*Action item:* Only one stretch of the data is wanted: the line containing "Classic and chic, these", the line containing "Cliquez sur Queue", and every line between them, copied exactly.

*Record extracts:*
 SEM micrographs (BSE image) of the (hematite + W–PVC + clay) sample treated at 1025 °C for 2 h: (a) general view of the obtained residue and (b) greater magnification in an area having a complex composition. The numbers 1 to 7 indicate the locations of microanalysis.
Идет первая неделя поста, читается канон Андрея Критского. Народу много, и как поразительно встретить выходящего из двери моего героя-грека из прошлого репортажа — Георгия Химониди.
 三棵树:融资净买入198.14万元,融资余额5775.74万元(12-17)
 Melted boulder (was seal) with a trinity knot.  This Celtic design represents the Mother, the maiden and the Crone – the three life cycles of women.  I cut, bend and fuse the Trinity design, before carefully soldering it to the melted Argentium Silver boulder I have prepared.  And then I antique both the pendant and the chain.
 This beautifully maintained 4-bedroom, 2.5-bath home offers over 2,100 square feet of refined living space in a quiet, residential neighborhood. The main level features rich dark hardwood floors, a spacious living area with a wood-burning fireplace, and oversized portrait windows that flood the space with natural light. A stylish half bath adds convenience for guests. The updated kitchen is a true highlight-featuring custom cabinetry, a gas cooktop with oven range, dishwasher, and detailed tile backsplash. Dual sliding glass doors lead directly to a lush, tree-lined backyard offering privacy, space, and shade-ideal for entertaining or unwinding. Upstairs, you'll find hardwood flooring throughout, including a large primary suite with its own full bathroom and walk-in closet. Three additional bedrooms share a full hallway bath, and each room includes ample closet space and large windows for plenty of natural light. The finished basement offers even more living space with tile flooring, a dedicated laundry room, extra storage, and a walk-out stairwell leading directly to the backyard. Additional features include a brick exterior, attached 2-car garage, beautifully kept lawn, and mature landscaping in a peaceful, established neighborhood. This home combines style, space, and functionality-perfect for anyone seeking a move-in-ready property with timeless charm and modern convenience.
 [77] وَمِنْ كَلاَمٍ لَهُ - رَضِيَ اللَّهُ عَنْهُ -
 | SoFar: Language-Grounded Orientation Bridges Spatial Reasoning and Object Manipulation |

---

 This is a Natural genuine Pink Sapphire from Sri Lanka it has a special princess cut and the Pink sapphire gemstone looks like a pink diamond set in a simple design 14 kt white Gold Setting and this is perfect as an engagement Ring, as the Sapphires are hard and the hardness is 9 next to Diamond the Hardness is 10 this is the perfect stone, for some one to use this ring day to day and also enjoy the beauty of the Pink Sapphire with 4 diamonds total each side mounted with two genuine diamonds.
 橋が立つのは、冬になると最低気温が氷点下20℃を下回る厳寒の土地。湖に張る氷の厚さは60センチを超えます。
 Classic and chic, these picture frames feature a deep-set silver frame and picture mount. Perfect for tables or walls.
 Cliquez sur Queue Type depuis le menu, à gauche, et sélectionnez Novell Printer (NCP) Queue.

*Task output:*
 Classic and chic, these picture frames feature a deep-set silver frame and picture mount. Perfect for tables or walls.
 Cliquez sur Queue Type depuis le menu, à gauche, et sélectionnez Novell Printer (NCP) Queue.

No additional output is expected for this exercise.